Posted by: True German Ally   2004-10-05 1:42:57 AM  

#4  The unit in Fallujah was bad - and it was NOT one of the divisions that was surrendered. It was a composite from local shieks, controlled by an old Saddam commander.

Plus, the difference is in deployment - Saddam did have one thing right - he never deployed a unit near the home towns from which it was raised. That stops the tribalism that cost the Fallujah unit its effectiveness.

Placing them ON THE BORDER (pay attention to what I said - details matter) would have effectively removed them and provided better security than the complete absence of it. And the vetting could have provided weaponry and troops that would ahve been useful in the cities after retraining.

As for the "General", he was equivalent in span of command to a Major in the US Army. Remember, Iraq, as do other Arab armed forces, grossly inflate ranks, and shrink the span of command. UNits that woudl typically be led by NCOs in the West are usually headed by Captains or Lieutenants in the Arab armies. Likewise their Colonels are not commander of much anything larger than a partial battalion in many cases, and their Generals seldom if ever command anything larger than a battalion combined arms team.

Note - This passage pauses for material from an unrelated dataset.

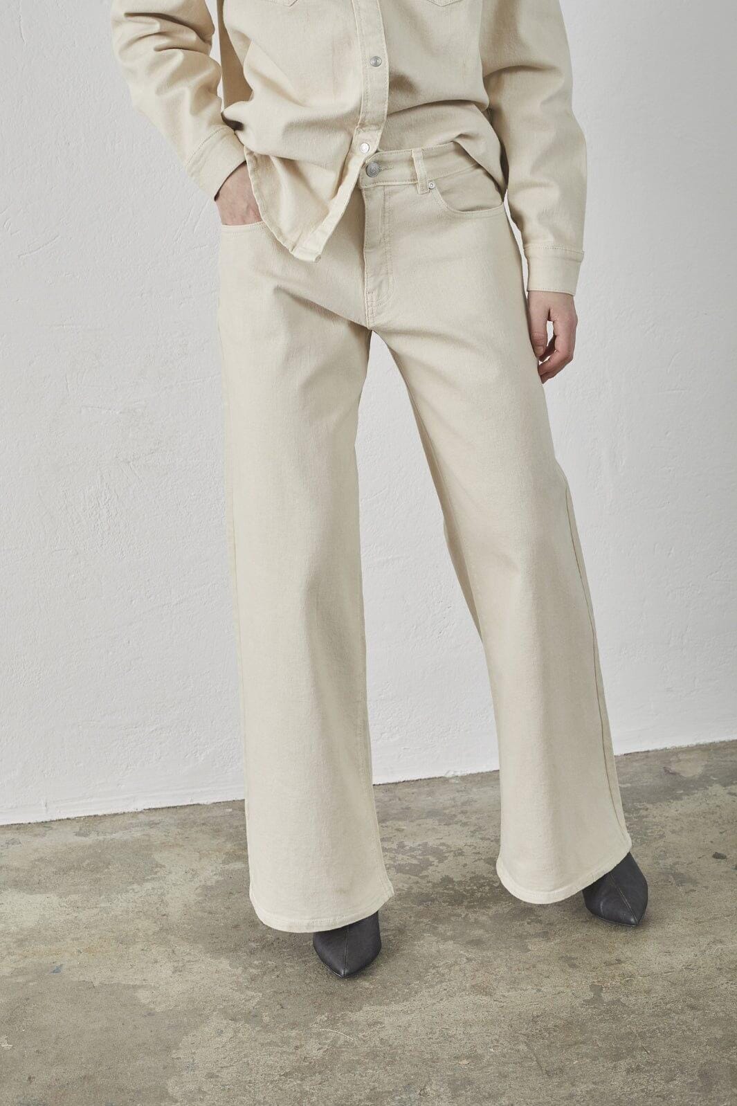 Vaaleat beiget housut Love & Divine -merkkiltä, joissa on leveä lahjesuunnittelu. Vaalea posliiniväri tekee housuista helppoja yhdistää muihin väreihin ympäri vuoden.

So, yes, Bremer screwed up, and no, you cannot brush off the utility of the 4 regular army divisions that were disbanded without any care to securing their weapons or men, instead of being sent to the Iranian and Syrian borders.
Posted by: OldSpook   2004-10-05 1:14:33 AM  

#3  OS: Bremer is a jackass - he screwed things up by disbanding the divisions the Iraqi Army was ready to turn over to US command - divisions that could have secured the borders and provided cadre to the new Iraqi Army after they had been properly vetted.

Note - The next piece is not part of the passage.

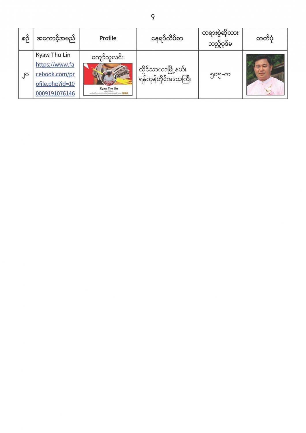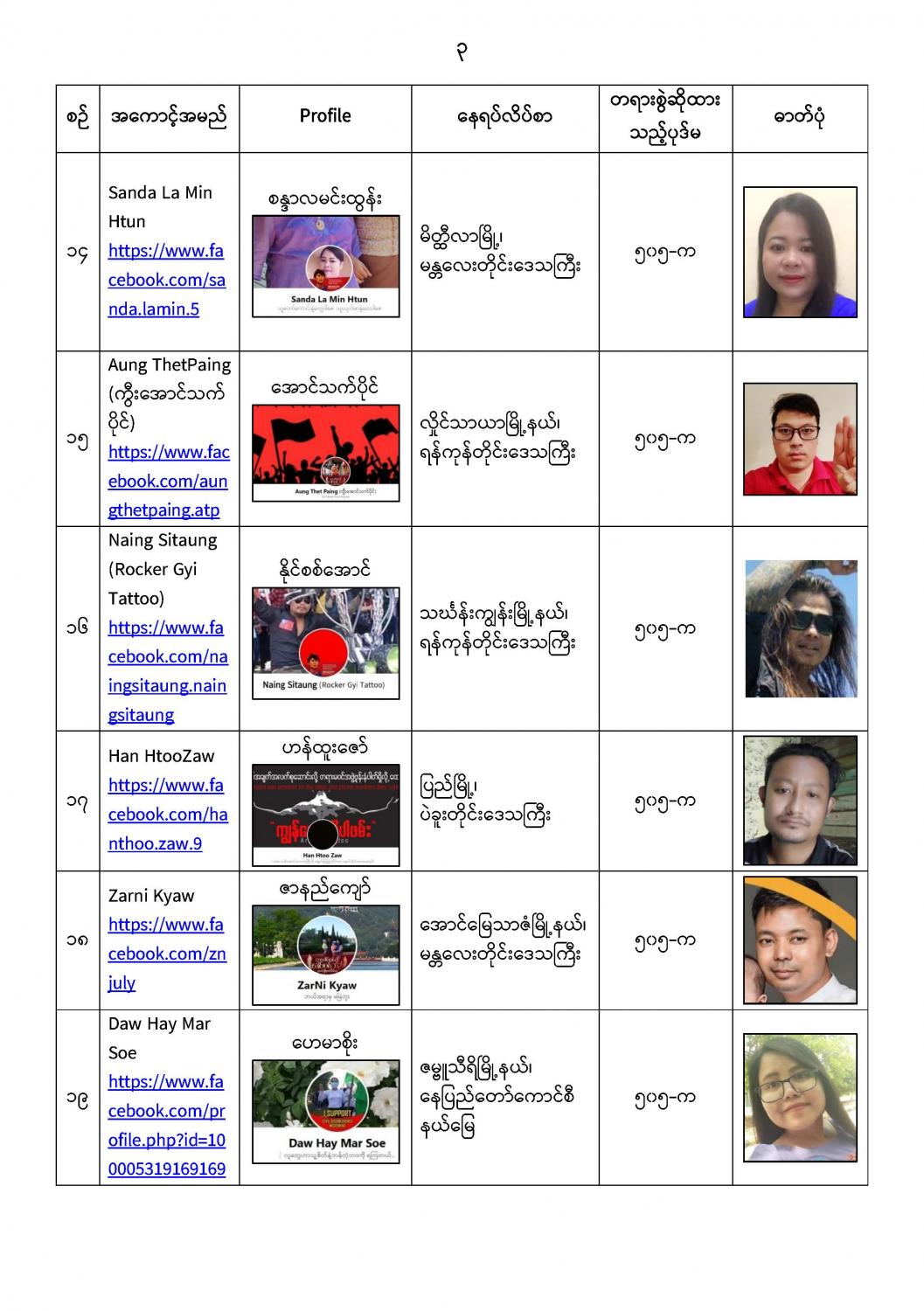 နိုင်ငံတော်၏ အုပ်ချုပ်မှုယန္တရားပျက်ပြားစေရန်ရည်ရွက်ချက်ဖြင့် နိုင်ငံ့ဝန်ထမ်းများအား CDM လှုပ်ရှားမှုတွင် ပါဝင်စေရန်လှုံ့ဆော်ခြင်း၊ CRPH မတရားအသင်းအား ထောက်ခံသည့် အကြောင်းအရာများ၊ မမှန်သတင်းများအားဖြန့်ဝေခြင်း၊ နိုင်ငံတော်တည်ငြိမ်အေးချမ်းမှုကို ပျက်ပြားစေပြီး ဆူပူအုံကြွမှုဖြစ်ပေါ်စေရန်နှင့် အများပြည်သူအထိတ်တလန့်ဖြစ်စေရန် အတွက် သွေးထိုးလှုံ့ဆော်မှုများပြုလုပ်ခြင်း၊ Social Pumishment ပြုလုပ်ခြင်းများကို လူမှုကွန်ရက် စာမျက်နှာများတွင် ရည်ရွယ်ချက်ရှိရှိ ဖြင့်ဖော်ပြခြင်းနှင့် ဖြန့်ဝေခြင်းများ ဆောင်ရွက် လျက်ရှိသည့် အောက်ဖော်ပြပါ အနုပညာရှင်အချို့နှင့် အခြားပါဝင်ပတ်သက်သူများအား ရာဇသတ်ကြီးပုဒ်မ ၅၀၅-က ဖြင့် အမှုဖွင့်အရေးယူ ဆောင်ရွက်လျက်ရှိသည်။

You mean like the units in Fallujah? And the general who was recently arrested for working with the insurgency? I think we need to break with cookie cutter prescriptions from WWII. The situation was completely different in so many ways, it's difficult to keep count.
Posted by: Zhang Fei   2004-10-05 12:58:11 AM  

#2  Old Spook, I am hardly a Bremer fan, but it looks to me like this news agency have mined a long address for the best anti-Bush nugget they could find. In the short term I agree that the Iraqi army would have been helpful, but in the long term I think the Iraqis are better with the guys they are getting who are being grown from personnel that are being battle-tested against the insurgency.
As for the "we needed more troops" crowd, there were no more troops. Can you imagine the death toll if we had dumped green draftees "in country" with all the kooks running about?
Posted by: Super Hose   2004-10-05 12:51:51 AM  

#1  Bremer is a jackass - he screwed things up by disbanding the divisions the Iraqi Army was ready to turn over to US command - divisions that could have secured the borders and provided cadre to the new Iraqi Army after they had been properly vetted. If nothing else they could have at least transferred their weapons and ammo to secured areas instead of leaving it out for anyone that wanted it.

Bremer screwed the pooch - and like a typical state dept weenie, he points the finger at the military.